● Data shown:
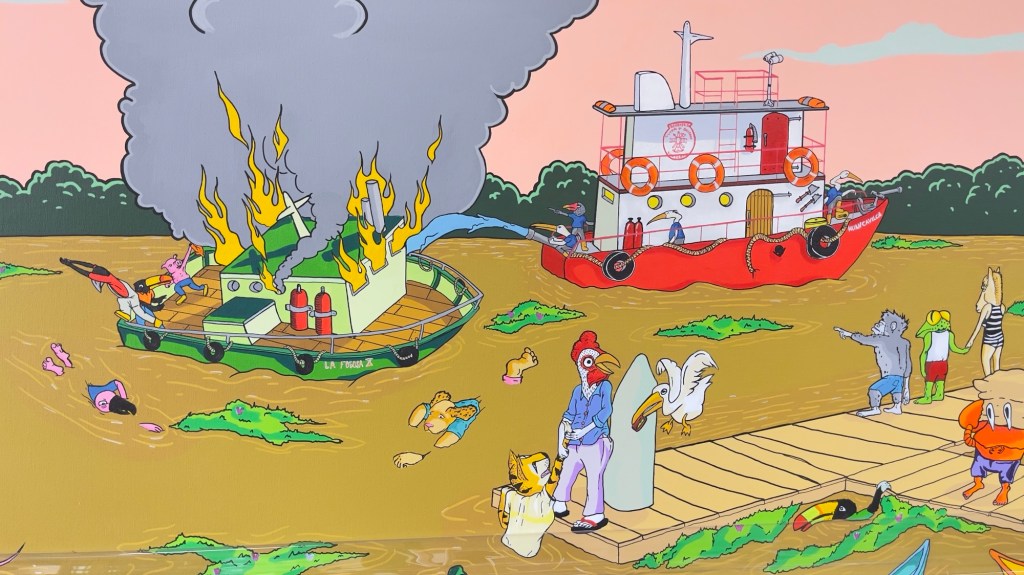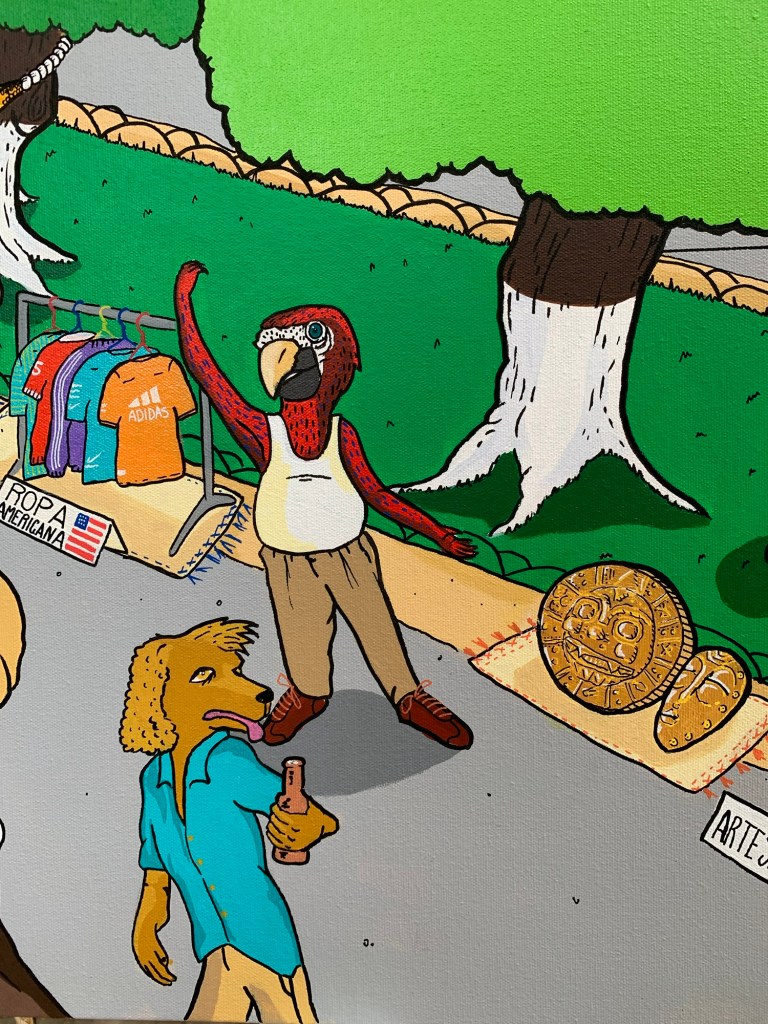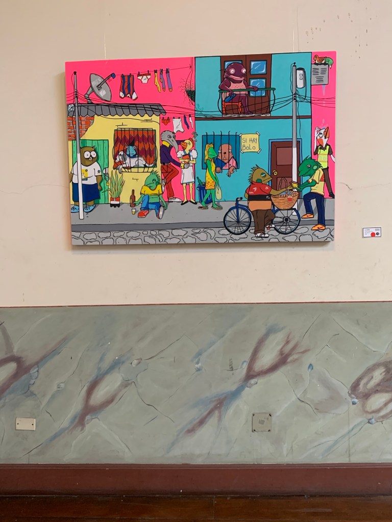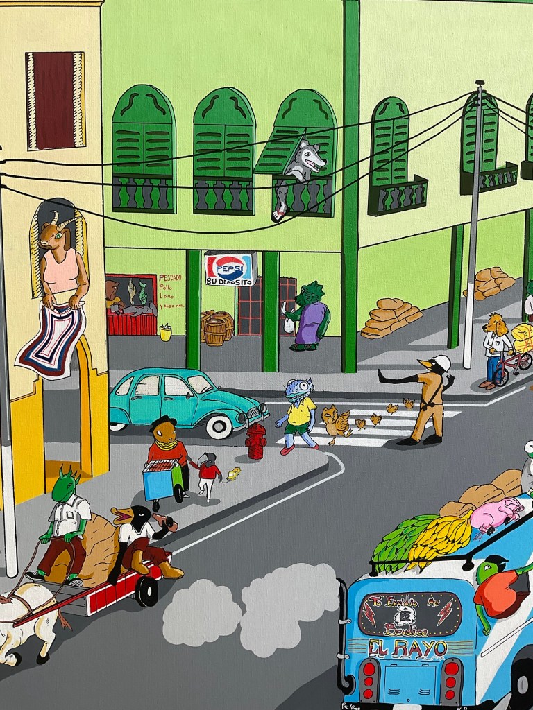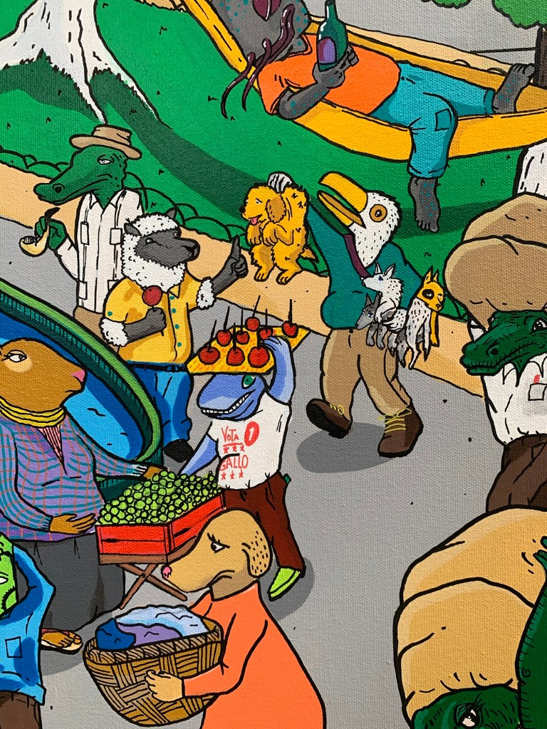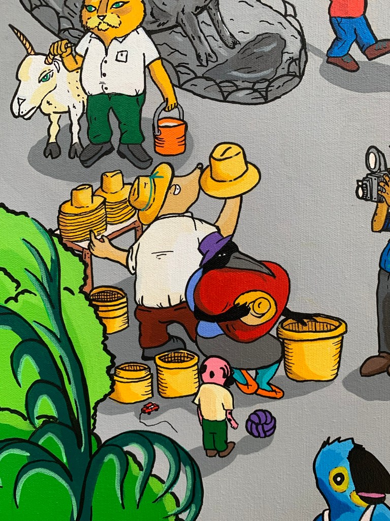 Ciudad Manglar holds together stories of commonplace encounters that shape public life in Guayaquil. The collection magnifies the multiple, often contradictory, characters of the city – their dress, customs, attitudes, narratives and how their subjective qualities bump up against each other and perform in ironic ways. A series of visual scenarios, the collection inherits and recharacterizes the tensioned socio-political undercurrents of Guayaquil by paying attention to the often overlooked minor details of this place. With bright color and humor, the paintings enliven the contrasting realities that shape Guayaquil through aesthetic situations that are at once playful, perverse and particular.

* * *

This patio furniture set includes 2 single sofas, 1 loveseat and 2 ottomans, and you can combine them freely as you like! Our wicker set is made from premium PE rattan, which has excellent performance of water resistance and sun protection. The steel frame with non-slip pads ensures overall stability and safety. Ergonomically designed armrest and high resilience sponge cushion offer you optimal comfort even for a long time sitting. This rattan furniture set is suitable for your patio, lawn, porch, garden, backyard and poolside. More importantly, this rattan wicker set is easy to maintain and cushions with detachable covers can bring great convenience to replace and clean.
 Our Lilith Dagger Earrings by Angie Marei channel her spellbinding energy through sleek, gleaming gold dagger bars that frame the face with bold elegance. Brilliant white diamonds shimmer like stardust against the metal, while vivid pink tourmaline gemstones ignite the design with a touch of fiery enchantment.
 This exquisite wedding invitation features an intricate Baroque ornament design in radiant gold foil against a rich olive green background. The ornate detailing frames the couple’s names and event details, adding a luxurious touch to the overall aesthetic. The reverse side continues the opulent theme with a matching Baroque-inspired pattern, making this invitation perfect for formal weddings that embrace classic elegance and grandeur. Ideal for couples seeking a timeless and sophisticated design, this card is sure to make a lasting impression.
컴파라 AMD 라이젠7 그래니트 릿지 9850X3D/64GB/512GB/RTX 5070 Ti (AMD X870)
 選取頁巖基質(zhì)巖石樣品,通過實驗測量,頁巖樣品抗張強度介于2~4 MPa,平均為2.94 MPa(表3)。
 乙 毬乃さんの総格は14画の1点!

==

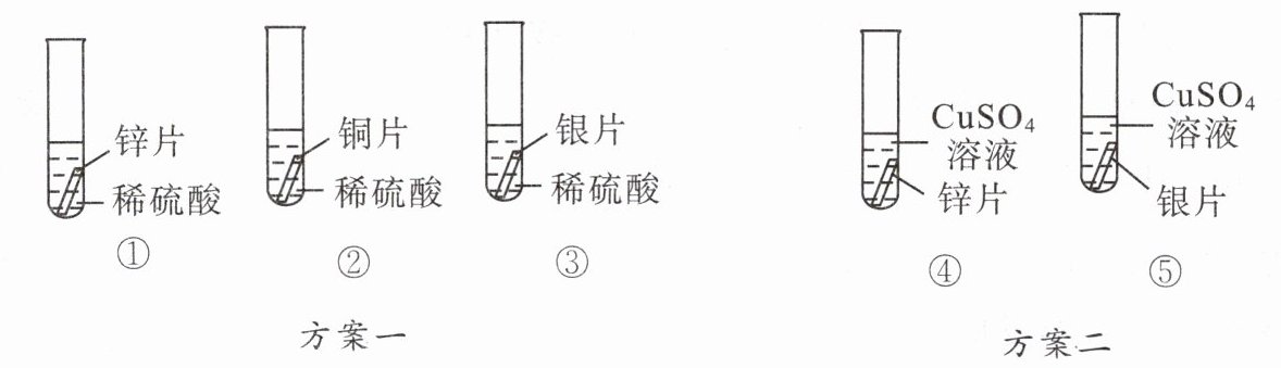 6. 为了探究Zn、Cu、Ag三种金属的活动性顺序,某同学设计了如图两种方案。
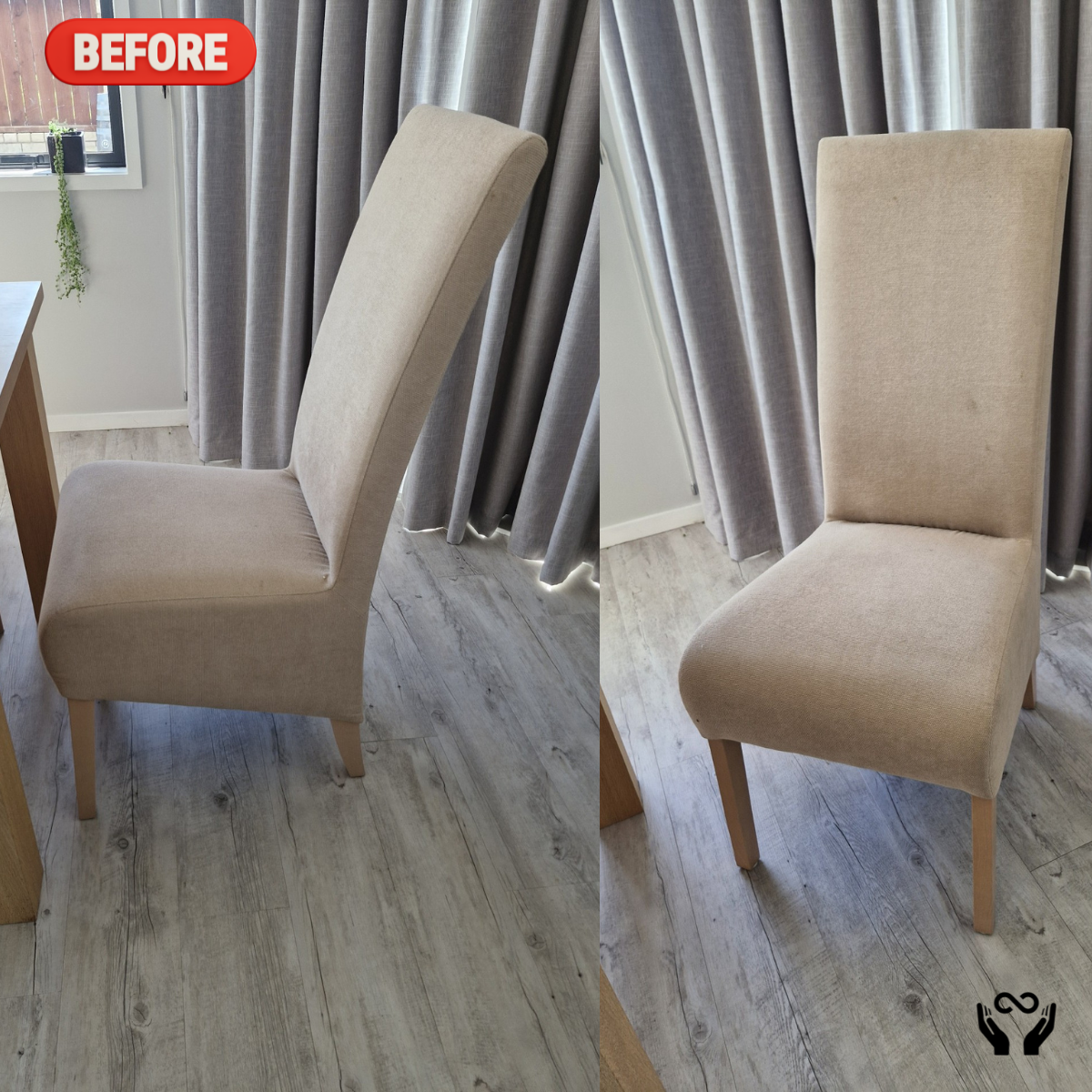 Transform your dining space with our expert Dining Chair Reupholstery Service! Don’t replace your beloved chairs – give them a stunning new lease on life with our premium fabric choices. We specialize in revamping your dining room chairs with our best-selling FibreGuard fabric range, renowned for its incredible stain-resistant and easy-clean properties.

● What you have to do: For the lines above, output exactly those from the line containing "選取頁巖基質(zhì)巖石樣品,通過實驗測量,頁巖樣品抗張強度介于2~4 MPa,平均為2.94 MPa(表3)。" through the line containing "乙 毬乃さんの総格は14画の1点!", and skip the others.

● Reply:
 選取頁巖基質(zhì)巖石樣品,通過實驗測量,頁巖樣品抗張強度介于2~4 MPa,平均為2.94 MPa(表3)。
 乙 毬乃さんの総格は14画の1点!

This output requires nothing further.